What the exercise asks: Keep the pictures out of your copy. Transcribe the records below exactly.

Records provided:
________________

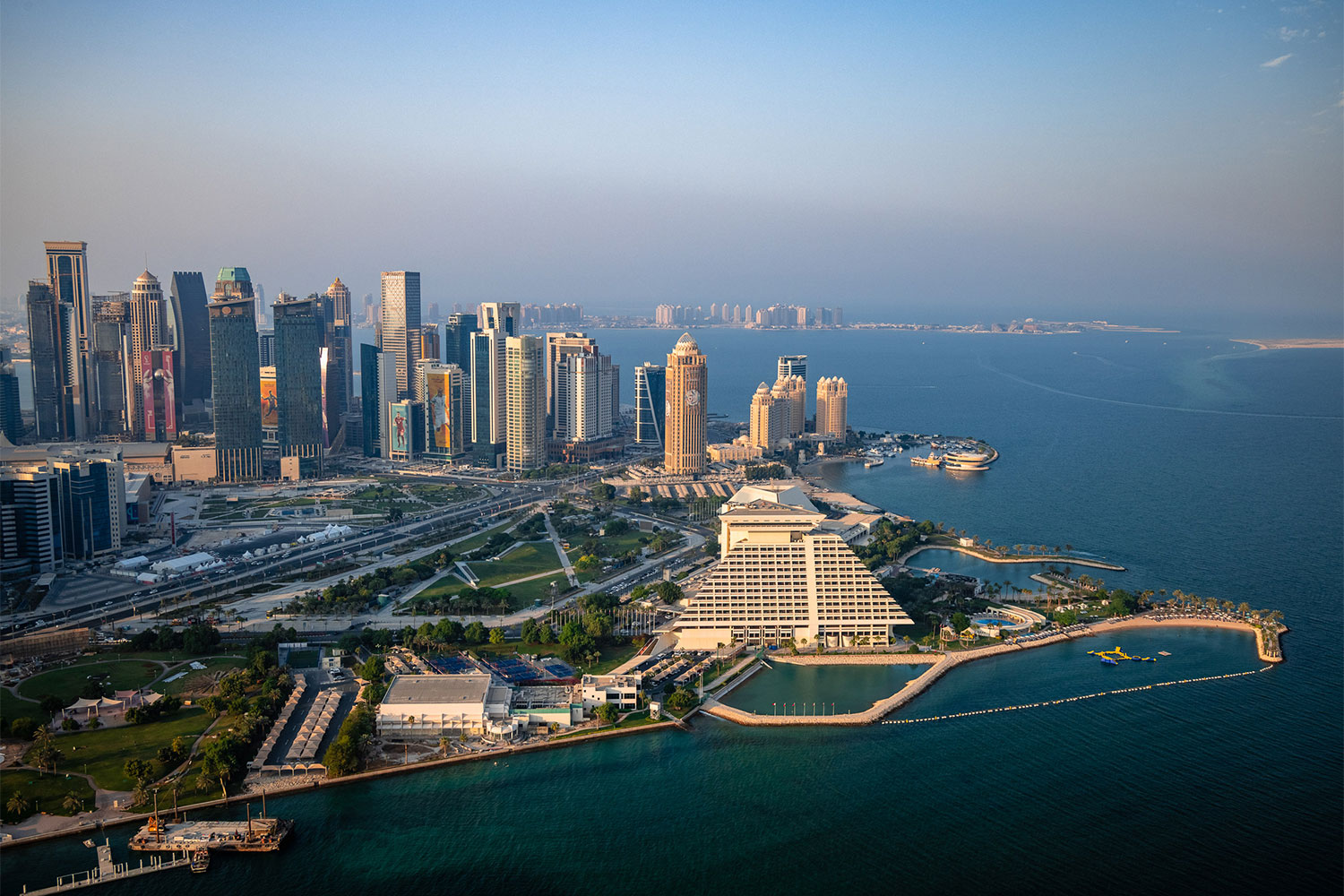 The Doha Corniche is one of the city’s most iconic landmarks, stretching seven kilometers in a graceful crescent along the Doha Bay and offering sweeping views of the city’s modern skyline. Framed by palm-lined promenades, lush parks, cultural institutions, and historic landmarks, the Corniche connects highlights such as the Sheraton Hotel Park, Al Bidda Park, the Pearl Monument, Dhow Harbour, the Museum of Islamic Art, and the National Museum of Qatar. Along the way, it brings together waterfront dining, leisure spaces, sports facilities, traditional dhow cruises, and family-friendly parks, while also serving as a focal point for national celebrations and everyday life, capturing Doha’s blend of heritage, culture, and contemporary energy.
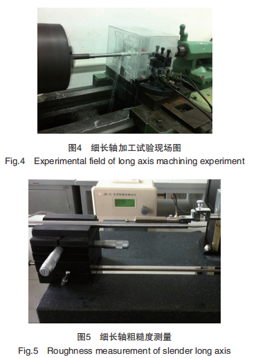 本文首先任选一组细长轴进行普通车削加工,加工完成后采用 JB-1C 型粗糙度测量仪对其初始端及中间位置的表面进行粗糙度测量;再将细长轴按照本文提出的射流辅助支撑方法进行加工,车削加工完成后同样其在同一位置进行粗糙度测量,测得的结果分别由打印机打印出来。细长轴加工试验现场图如图 4 所示,粗糙度测量图如图 5 所示。
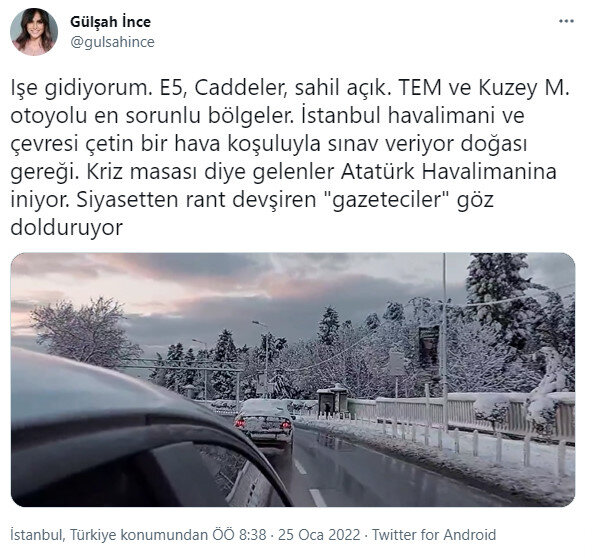 Bu gelişme sonrası yaşanan trafikteki rahatlamayı, Fox Tv muhabiri Gülşah İnce İBB PR'ına dönüştürdü. Sosyal medya hesabından "İşe gidiyorum. E5, Caddeler, sahil açık" diyerek bir paylaşımda bulundu.
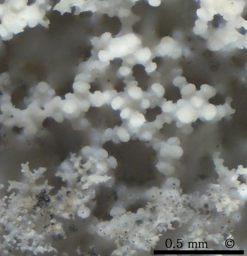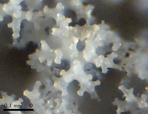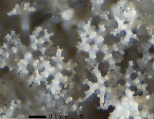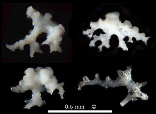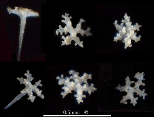 Isolated dermal dichotriaenes of cf. Phrissospongia glandiformis from Höver. Typically, the forked clads of the triaenes show short side branches near their tips and within the fork plane, making them look like snow crystals. Additionally, there are wart-like knobs on the outward facing sides of the clads. The bottom right dichotriaene is shown from its underside, shaft (rhabdome) broken off. Notice black lines in rhabdome and clads which correspond to former axial filaments. |
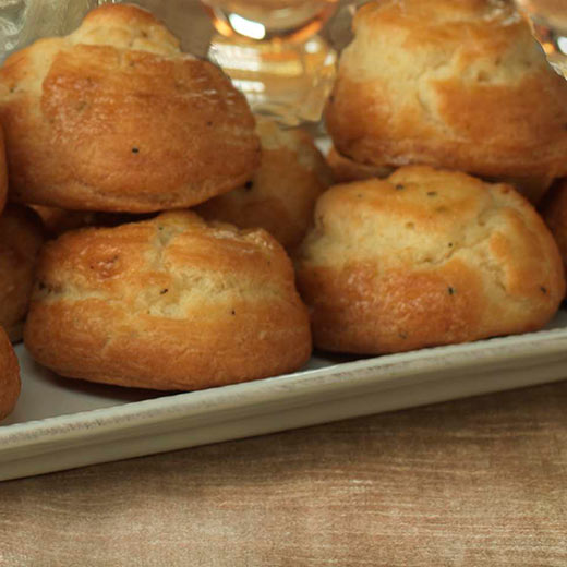 Hint: When the gougeres become fragrant, filling the room with the aroma of cheese and herbs, they are 3-5 minutes away from being done.

________________

Your response:
 The Doha Corniche is one of the city’s most iconic landmarks, stretching seven kilometers in a graceful crescent along the Doha Bay and offering sweeping views of the city’s modern skyline. Framed by palm-lined promenades, lush parks, cultural institutions, and historic landmarks, the Corniche connects highlights such as the Sheraton Hotel Park, Al Bidda Park, the Pearl Monument, Dhow Harbour, the Museum of Islamic Art, and the National Museum of Qatar. Along the way, it brings together waterfront dining, leisure spaces, sports facilities, traditional dhow cruises, and family-friendly parks, while also serving as a focal point for national celebrations and everyday life, capturing Doha’s blend of heritage, culture, and contemporary energy.
 本文首先任选一组细长轴进行普通车削加工,加工完成后采用 JB-1C 型粗糙度测量仪对其初始端及中间位置的表面进行粗糙度测量;再将细长轴按照本文提出的射流辅助支撑方法进行加工,车削加工完成后同样其在同一位置进行粗糙度测量,测得的结果分别由打印机打印出来。细长轴加工试验现场图如图 4 所示,粗糙度测量图如图 5 所示。
 Bu gelişme sonrası yaşanan trafikteki rahatlamayı, Fox Tv muhabiri Gülşah İnce İBB PR'ına dönüştürdü. Sosyal medya hesabından "İşe gidiyorum. E5, Caddeler, sahil açık" diyerek bir paylaşımda bulundu.
 Isolated dermal dichotriaenes of cf. Phrissospongia glandiformis from Höver. Typically, the forked clads of the triaenes show short side branches near their tips and within the fork plane, making them look like snow crystals. Additionally, there are wart-like knobs on the outward facing sides of the clads. The bottom right dichotriaene is shown from its underside, shaft (rhabdome) broken off. Notice black lines in rhabdome and clads which correspond to former axial filaments. |
 Hint: When the gougeres become fragrant, filling the room with the aroma of cheese and herbs, they are 3-5 minutes away from being done.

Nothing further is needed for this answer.